Show all filings for PARKER HANNIFIN CORP



Quarterly Report

The Company is a leading worldwide diversified manufacturer of motion and control technologies and systems, providing precision engineered solutions for a wide variety of mobile, industrial and aerospace markets.
The Company's order rates provide a near-term perspective of the Company's outlook particularly when viewed in the context of prior and future order rates. The Company publishes its order rates on a quarterly basis. The lead time between the time an order is received and revenue is realized generally ranges from one day to 12 weeks for mobile and industrial orders and from one day to 18 months for aerospace orders. The Company believes the leading economic indicators of these markets that have a strong correlation to the Company's future order rates are as follows:

Purchasing Managers Index (PMI) on manufacturing activity specific to regions around the world with respect to most mobile and industrial markets;

Global aircraft miles flown and global revenue passenger miles for commercial aerospace markets and Department of Defense spending for military aerospace markets; and

Housing starts with respect to the North American residential air conditioning market and certain mobile construction markets.

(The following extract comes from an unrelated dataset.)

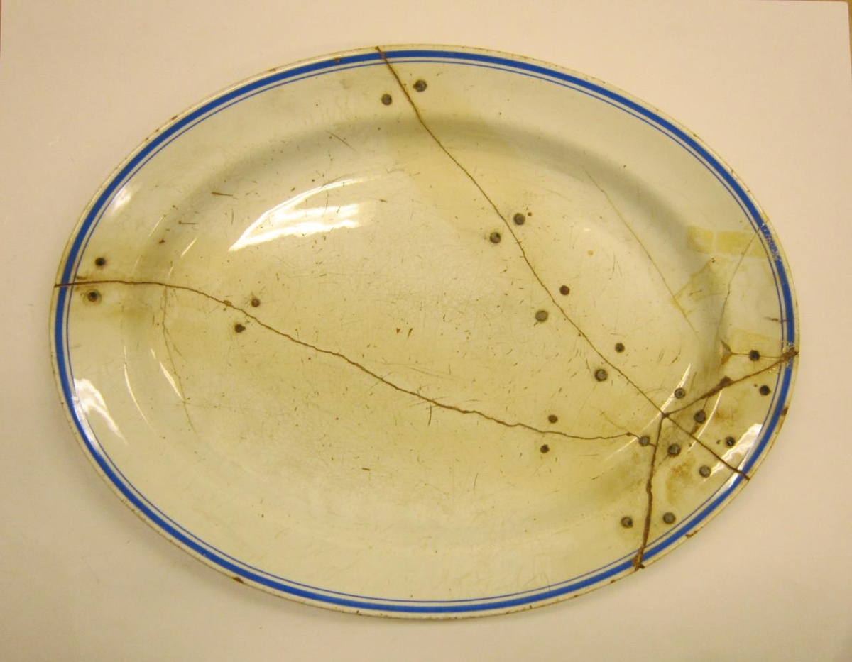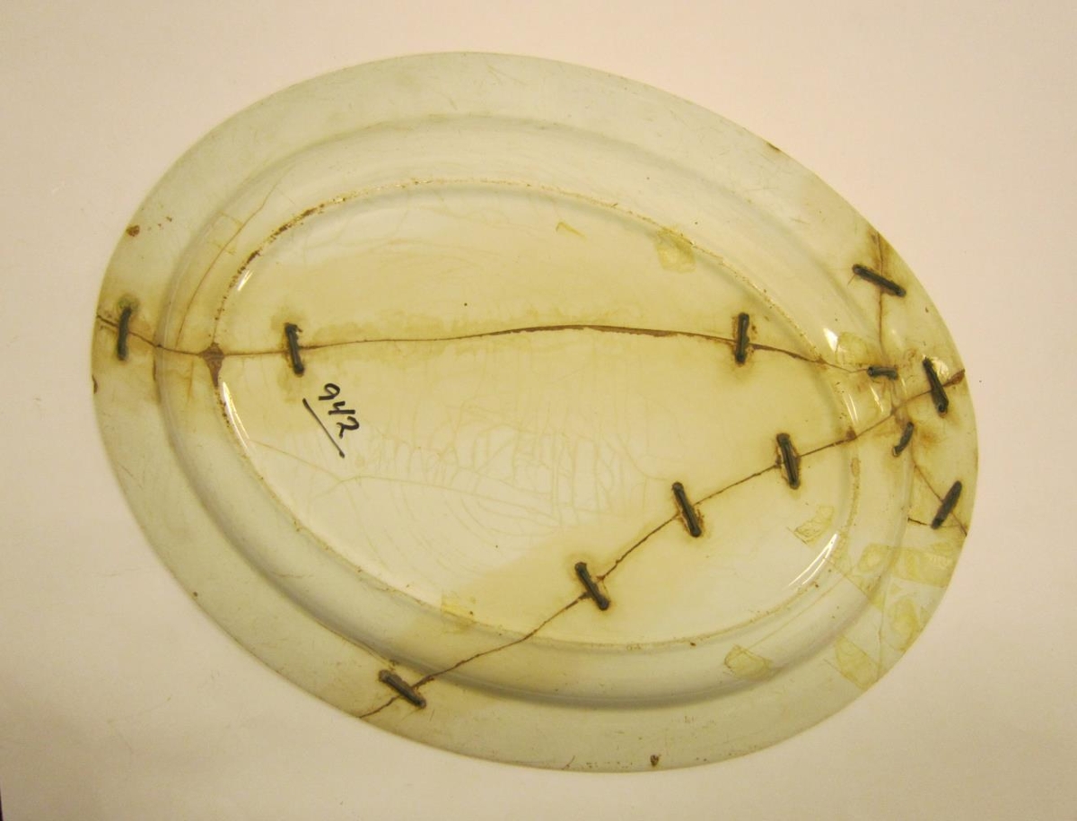 Steikarfat úr sama stelli og nr. 941, hvítt með blárri rönd. Fatið er brotið og spengt, handbragð Jóns Samúelssonar frá Hofsstöðum í Álftaneshreppi. Stærð 36,5 x 28 cm.

A PMI above 50 indicates that the manufacturing activity specific to a region of the world in the mobile and industrial markets is expanding. A PMI below 50 indicates the opposite. The PMI at the end of September 2012 for the United States, the Eurozone countries and China was 51.5, 46.1 and 47.9, respectively. Since June 30, 2012, the PMI for China has decreased, while the PMI for the United States and the Eurozone countries have increased.
Global aircraft miles flown have increased approximately two percent from the comparable fiscal 2012 level and global revenue passenger miles have increased approximately four percent from the comparable fiscal 2012 level. The Company anticipates that U.S. Department of Defense spending with regards to appropriations and operations and maintenance for the U.S. Government's fiscal year 2013 will be slightly up from the comparable fiscal 2012 level. Housing starts in September 2012 were approximately 35 percent higher than housing starts in September 2011 and were approximately 15 percent higher than housing starts in June 2012.
The Company remains focused on maintaining its financial strength by adjusting its cost structure to reflect changing demand levels, maintaining a strong balance sheet and managing its cash. The Company has been able to borrow funds at affordable interest rates and had a debt to debt-shareholders' equity ratio of 25.7 percent at September 30, 2012 compared to 25.8 percent at September 30, 2011 and 26.1 percent at June 30, 2012.
The Company believes many opportunities for profitable growth are available. The Company intends to focus primarily on business opportunities in the areas of energy, water, agriculture, environment, defense, life sciences, infrastructure and transportation.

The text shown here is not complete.